◆ TASK INPUT:
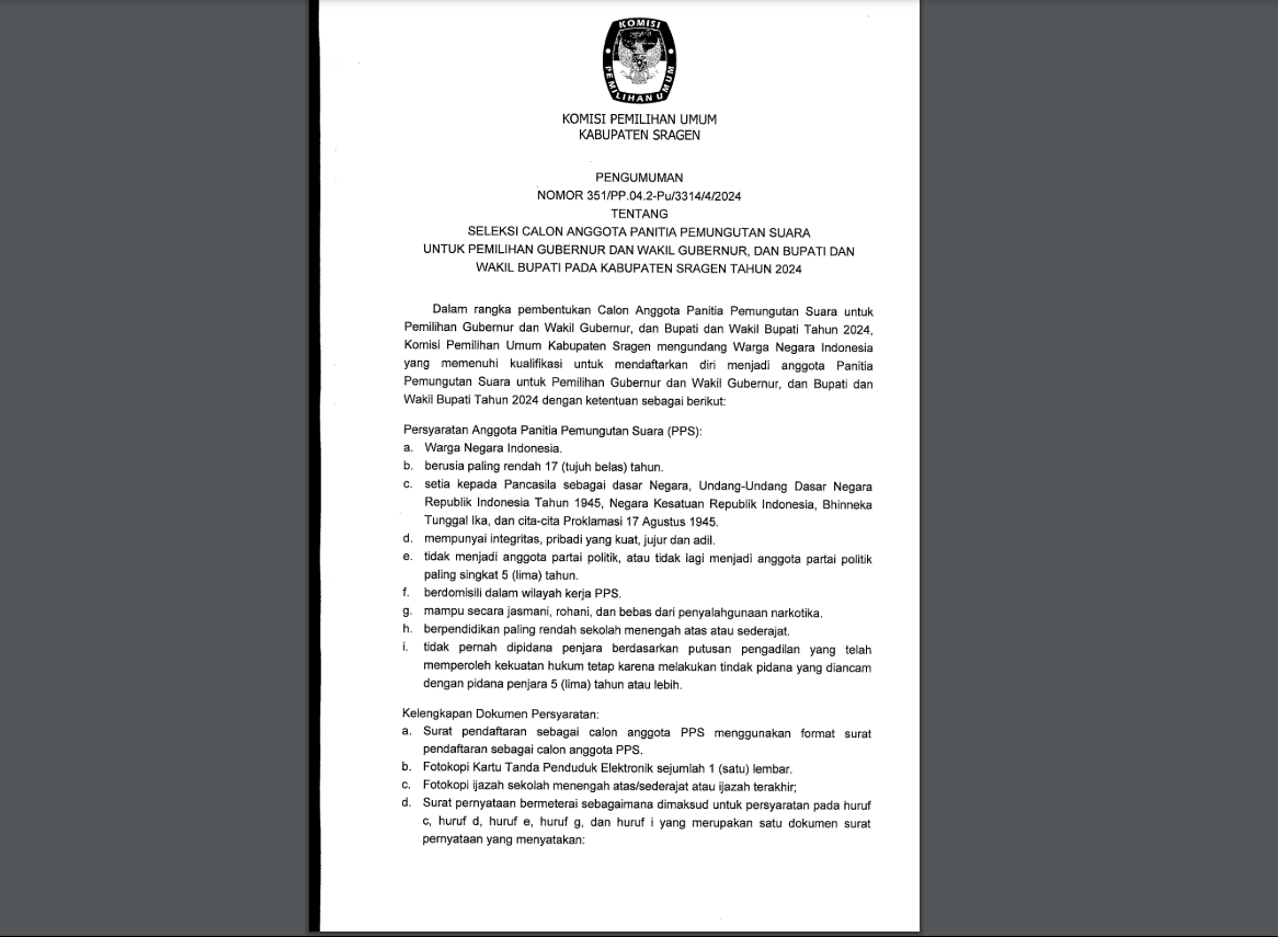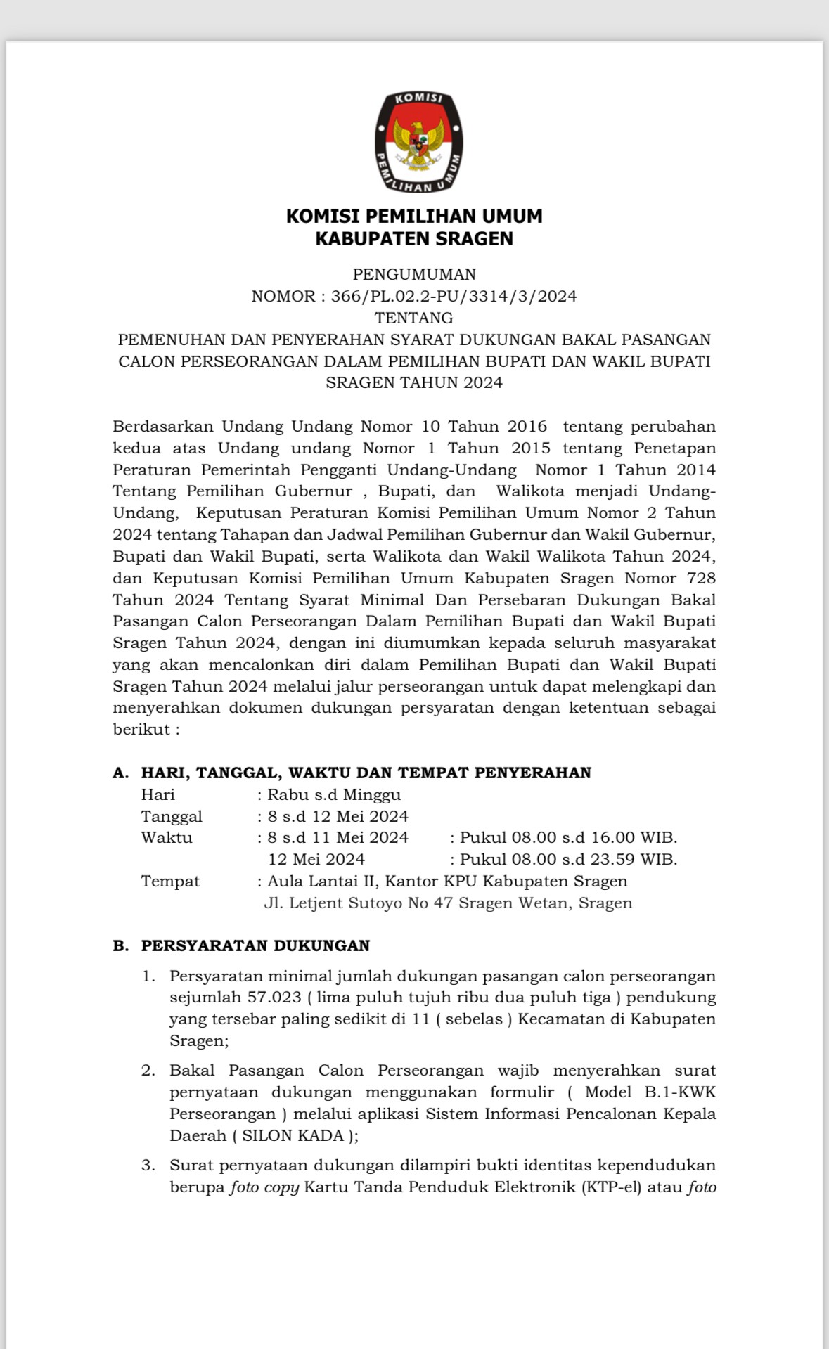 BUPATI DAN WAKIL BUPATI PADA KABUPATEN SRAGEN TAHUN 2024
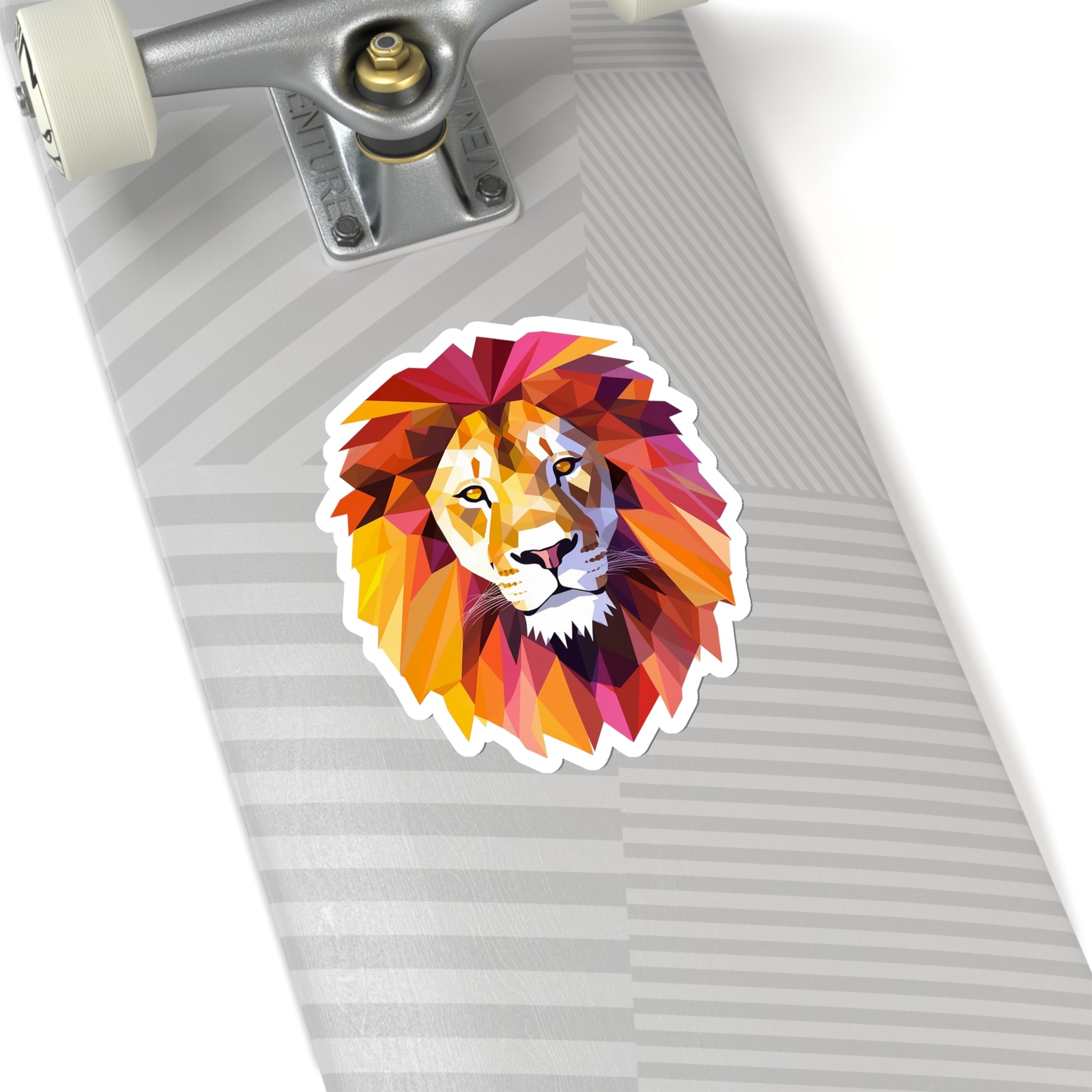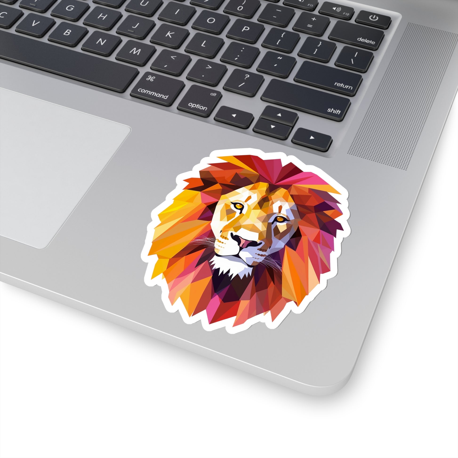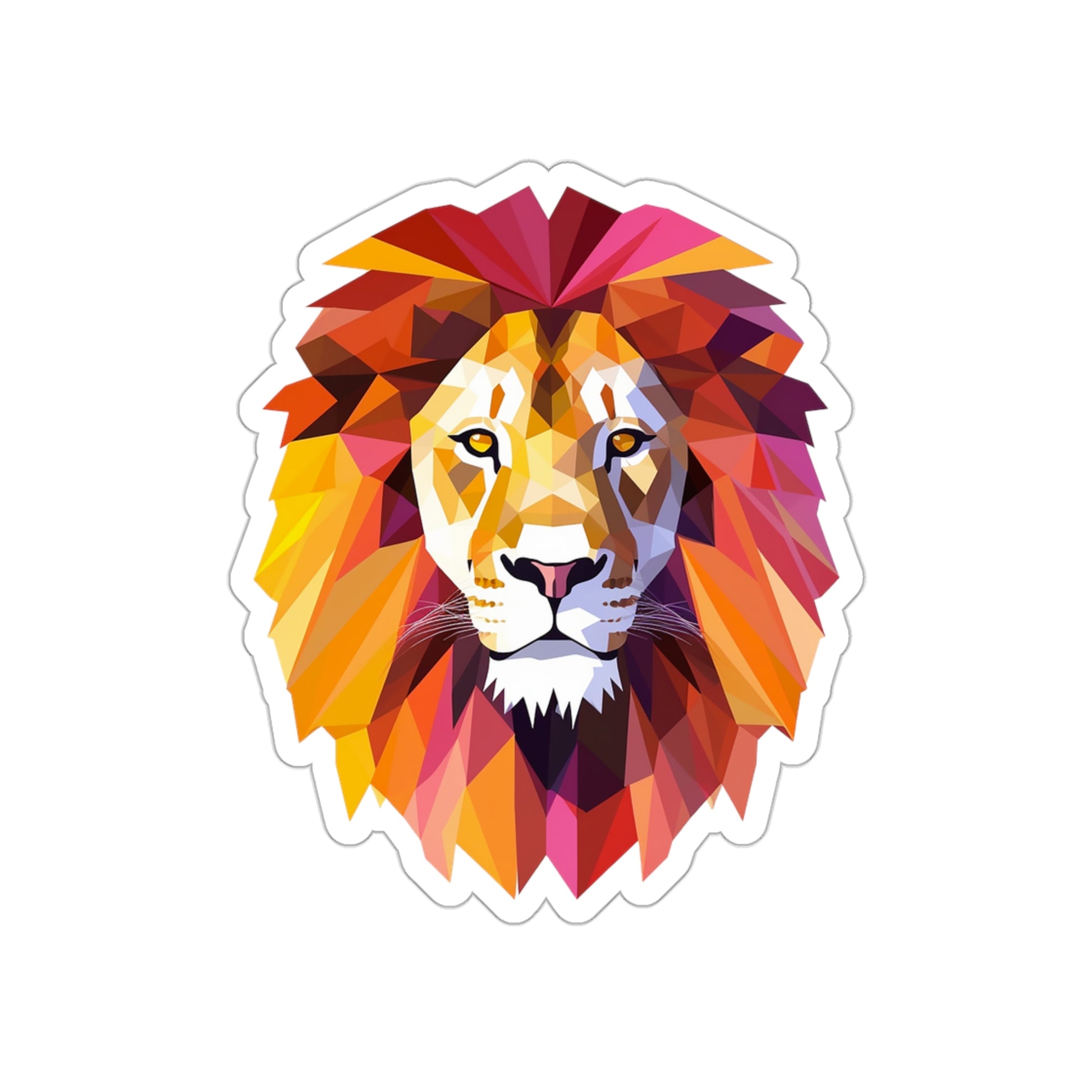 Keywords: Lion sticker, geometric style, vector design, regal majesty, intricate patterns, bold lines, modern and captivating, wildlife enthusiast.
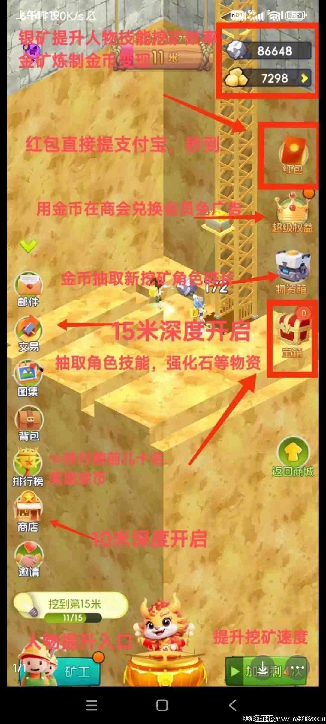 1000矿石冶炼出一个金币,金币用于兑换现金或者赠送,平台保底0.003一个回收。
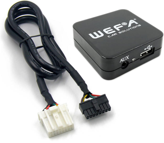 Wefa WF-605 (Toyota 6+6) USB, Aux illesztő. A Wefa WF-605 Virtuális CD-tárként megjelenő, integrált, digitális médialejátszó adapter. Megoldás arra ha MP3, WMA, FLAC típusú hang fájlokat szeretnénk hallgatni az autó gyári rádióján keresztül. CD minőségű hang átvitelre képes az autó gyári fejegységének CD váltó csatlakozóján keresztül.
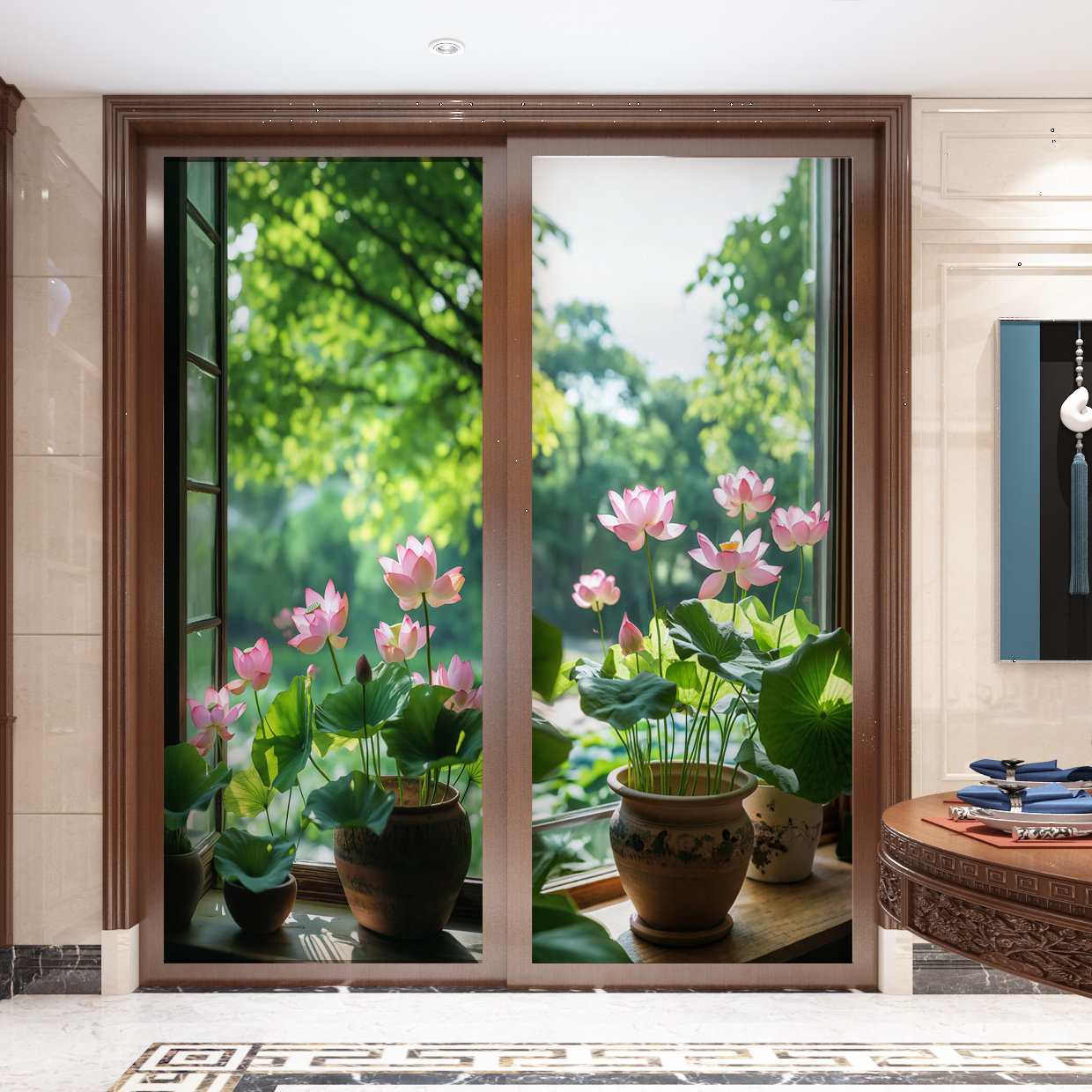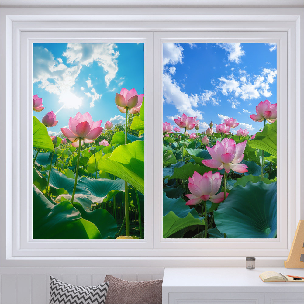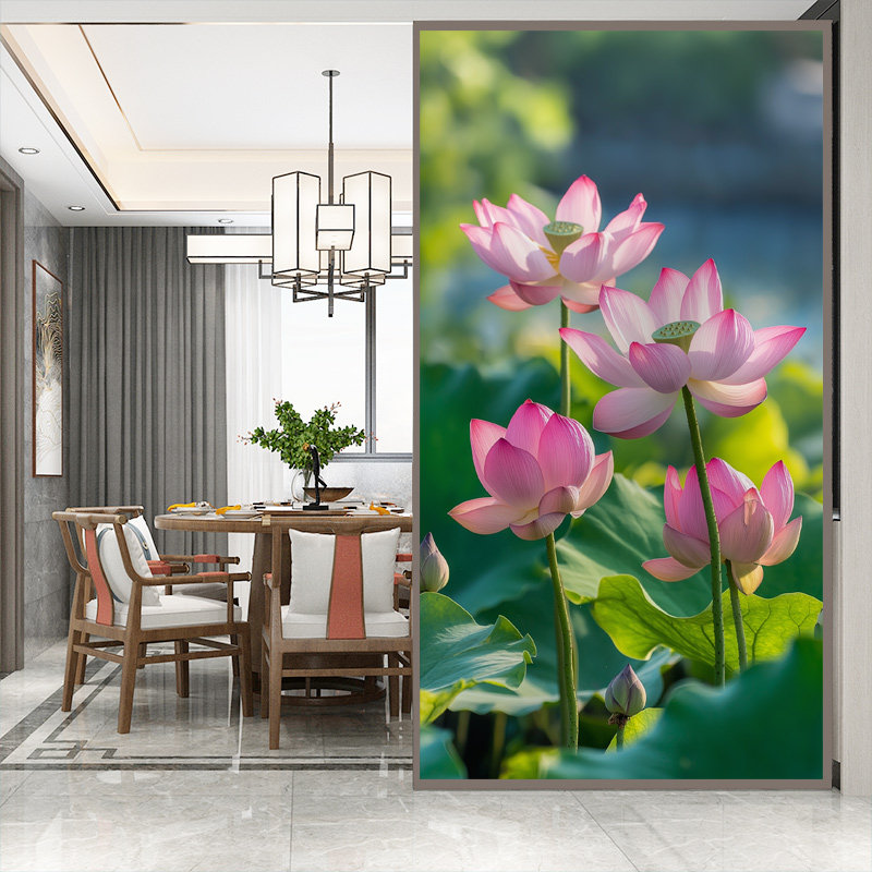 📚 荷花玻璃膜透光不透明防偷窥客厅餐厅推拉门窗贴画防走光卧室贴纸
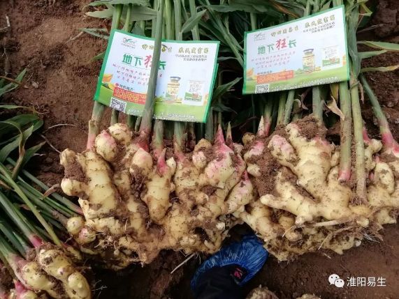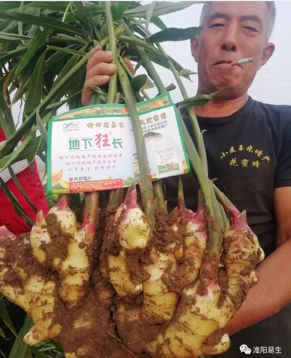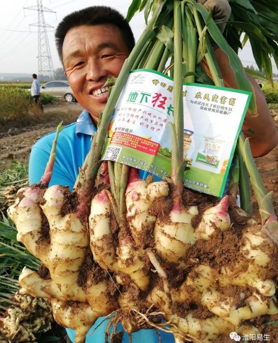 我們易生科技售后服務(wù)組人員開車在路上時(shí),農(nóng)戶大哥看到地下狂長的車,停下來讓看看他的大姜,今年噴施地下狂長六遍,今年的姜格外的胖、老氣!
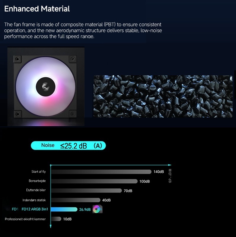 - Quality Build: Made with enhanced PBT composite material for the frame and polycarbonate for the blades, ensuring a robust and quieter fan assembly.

◆ EXERCISE OBJECTIVE:
The required result is an exact copy of the lines from the line containing "1000矿石冶炼出一个金币,金币用于兑换" through the end of the entries, with every picture left out.

◆ FINISHED TASK:
 1000矿石冶炼出一个金币,金币用于兑换现金或者赠送,平台保底0.003一个回收。
 Wefa WF-605 (Toyota 6+6) USB, Aux illesztő. A Wefa WF-605 Virtuális CD-tárként megjelenő, integrált, digitális médialejátszó adapter. Megoldás arra ha MP3, WMA, FLAC típusú hang fájlokat szeretnénk hallgatni az autó gyári rádióján keresztül. CD minőségű hang átvitelre képes az autó gyári fejegységének CD váltó csatlakozóján keresztül.
 📚 荷花玻璃膜透光不透明防偷窥客厅餐厅推拉门窗贴画防走光卧室贴纸
 我們易生科技售后服務(wù)組人員開車在路上時(shí),農(nóng)戶大哥看到地下狂長的車,停下來讓看看他的大姜,今年噴施地下狂長六遍,今年的姜格外的胖、老氣!
 - Quality Build: Made with enhanced PBT composite material for the frame and polycarbonate for the blades, ensuring a robust and quieter fan assembly.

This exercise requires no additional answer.